陪郎君读书
先是正月初一的新年, 再是立春,而后元宵节,元宵节后有踏春潮……京城整个正月都热闹非凡。
曹暾却在新年后的第二日就闭关读书, 连正月十五元宵节都没有出门。
因为春闱就在二月。
虽然曹暾认为中途出去游玩一两日不耽搁考试, 高考之前他也有周末, 但苏洵很紧张,曹暾便陪着他了。
曹暾已经被三章抓出门逛了好几个晚上的彩灯。正月十五晚上人太多,对他这个小朋友不友好, 待再长大一岁逛元宵也不迟。
苏轼和苏辙虽然很想逛灯节,但父亲下个月就要省试,他们也乖乖地没有吵闹。
曹暾不参加省试, 但得到了一个噩耗。皇帝突发奇想,要让他参加一轮完整的殿试。
曹暾闻言, 完全丧失了出门的兴致。
童子试复试是单独进行殿试, 一般能诵读六经即可。若是厉害些的神童,便做一道诗赋或者经义。
入京前,曹暾想过童子试最艰难的情况。
他虽然不喜欢宋仁宗,但宋仁宗没必要欺负小孩。他自言擅长经义,皇帝应该会让他写经义, 不会故意让他写不擅长的东西。
当曹暾得知宋仁宗让他与进士同场考殿试的时候,他对范仲淹道:“都是富先生的老丈人开的坏头。”
范仲淹忍俊不禁:“别怕, 你能考过。”
范仲淹没想到皇帝让曹暾考完整场殿试。之前皇帝只是询问曹暾是否能当场写出一篇策论而已。

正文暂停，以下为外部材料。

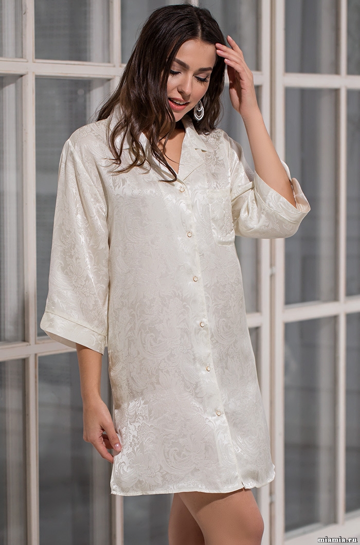 Рубашка Mia-Amore свободного покроя с рукавом длиной ¾, выполнена из натурального шелка с жаккардовой основой. По бокам расположены карманы и разрезы.
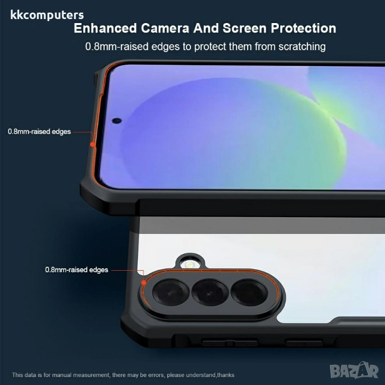 XUNDD е защитен прозрачен калъф за Samsung Galaxy A37 5G, който съчетава кристална чистота с надеждна защита. Изработен от твърд акрилен гръб и мека TPU рамка, този калъф осигурява отлична защита при падане благодарение на вградената Airbag технология в ъглите. 0.8 mm повдигнатите ръбове около камерата и екрана предпазват най-чувствителните зони от надраскване и удар. Високопрозрачният акрилен гръб е устойчив на пот, като запазва безупречен вид през цялото време. Черните ръбове придават елегантен контраст. Комплектът включва скрийн протектор за цялостна защита на екрана.
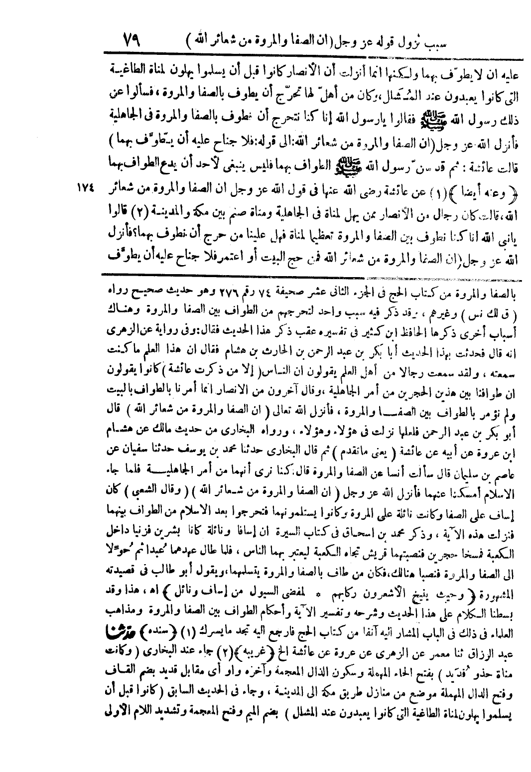 بالصفا والمروة من كتاب الحج في الجزء الثاني عشر صحيفة 74 رقم 276 وهو حديث صحيح رواه (ق لك نس) وغيرهم وقد ذكر فيه سبب واحد لتحرجهم من الطواف بين الصفا والمروة وهناك أسباب أخرى ذكرها الحافظ ابن كثير في تفسيره عقب ذكر هذا الحديث فقال وفي رواية عن الزهري انه قال فحدثت بهذا الحديث أبا بكر بن عبد الرحمن بن الحارث بن هشام فقال ان هذا العلم ما كنت سمعته ولقد سمعت رجالا من أهل العلم يقولون ان الناس (إلا من ذكرت عائشة) كانوا يقولون ان طوافنا بين هذين الحجرين من أمر الجاهلية وقال آخرون من الانصار انما امرنا بالطواف بالبيت ولم نؤمر بالطواف بين الصفا والمروة فأنزل الله تعالى (ان الصفا والمروة من شعائر الله) قال أبو بكر بن عبد الرحمن فلعلها نزلت في هؤلاء وهؤلاء ورواه البخاري من حديث مالك عن هشام ابن عروة عن أبيه عن عائشة (يعني ما تقدم) ثم قال البخاري حدثنا محمد بن يوسف حدثنا سفيان عن عاصم بن سليمان قال سالت أنسا عن الصفا والمروة قال كنا نرى أنهما من أمر الجاهلية فلما جاء الاسلام امسكنا عنهما فأنزل الله عز وجل (ان الصفا والمروة من شعائر الله) (وقال الشعبي) كان إساف على الصفا وكانت نائلة على المروة وكانوا يستلمونهما فتحرجوا بعد الاسلام من الطواف بينهما فنزلت هذه الآية وذكر محمد بن اسحاق في كتاب السيرة ان اسافا ونائلة كانا بشرين فزنيا داخل الكعبة فمسخا حجرين فنصبتهما قريش تجاه الكعبة ليعتبر بهما الناس فلما طال عهدهما عبدا ثم حولا إلى الصفا والمروة فنصبا هنالك فكان من طاف بالصفا والمروة يتسلمهما ويقول أبو طالب في قصيدته المشهورة (وحيث ينيخ الأشعرون ركابهم * لمفضى السيول من اساف ونائل) اهـ هذا وقد بسطنا الكلام على هذا الحديث وشرحه وتفسير الآية وأحكام الطواف بين الصفا والمروة ومذاهب العلماء في ذلك في الباب المشار اليه آنفا من كتاب الحج فارجع اليه تجد ما يسرك (1) (سنده) حدثنا عبد الرزاق ثنا معمر عن الزهري عن عروة عن عائشة الخ (غريبه) (2) جاء عند البخاري (وكانت مناة حذو فديد) بفتح الحاء المهملة وسكون الذال المعجمة وآخره واو أي مقابل قديد بضم القاف وفتح الدال المهملة موضع من منازل طريق مكة إلى المدينة وجاء في الحديث السابق (كانوا قبل ان يسلموا يهلون لمناة الطاغية التي كانوا يعبدون عند المشلل) بضم الميم وفتح المعجمة وتشديد اللام الأولى
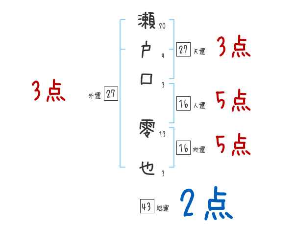 瀬戸口零也さんの画数の鑑定結果
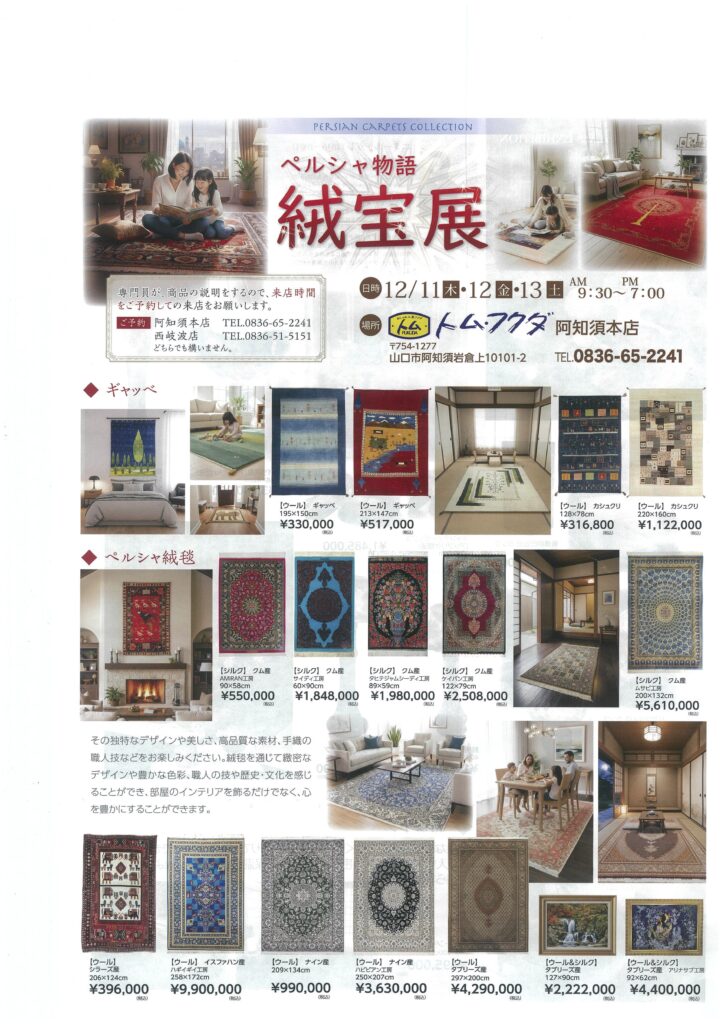 来る12月11日から13日の3日間、第18回目のペルシャ絨毯展示会をトム・フクダ阿知須本店で行います。

除非皇帝突发奇想,殿试大部分时候与解试、省试题目相同,都是试诗、赋、策论各一篇。因宋仁宗个人爱好, 他更重诗赋而轻策论。
曹暾听了范仲淹的话, 只能“呵呵”了两声。
他如果能作诗, 还考什么童子试?考三鼎甲不香吗?
曹暾万万没想到, 宋仁宗是不一定会为难孩童,但他可能当众炫耀儿子啊!
赵祯可没觉得为难了曹暾。他询问了范仲淹,范仲淹说可以,那肯定没问题呀。范仲淹都支持他!
范仲淹确实很支持皇帝。
在他看来,曹暾确实有能通过殿试的本事,那就该把名声扬得越大越好。
宋朝科举考试已经很重视破题,发展到极致就是后世的“八股文”。经义也可称为赋和策论的题目,所以曹暾很擅长应试体的赋和策论。
曹暾的诗才确实不佳,但科举考试用不上好的诗才。
宋朝的应试诗率先走入类似“八股”的桎梏。
唐朝以诗取士,只考核考生的文采,题目包罗万象,咏物、咏风景比比皆是。宋朝的应试诗只在经史典籍中出题,能中第者所写的应试诗无一例外是歌功颂德的诗。哪怕要讽刺一下历史典故,最后落脚也是歌功颂德。所谓佳句,不过是对仗精致工整。
因此宋朝的应试诗有“模版”,只需要按照模板填空,尽可能对仗工整,没有犯忌讳即可。
而曹暾,最擅长强行押韵,强行对偶了。
范仲淹坚持相信,曹暾现在就能去考科举,制约曹暾考科举的只是他的年龄。
曹暾年幼。考场条件艰苦,曹暾不能坚持到考试结束。如果曹暾真的是曹家子,那他先通过童子科扬名,待年长一些后再考进士,是很坦荡的求仕之路。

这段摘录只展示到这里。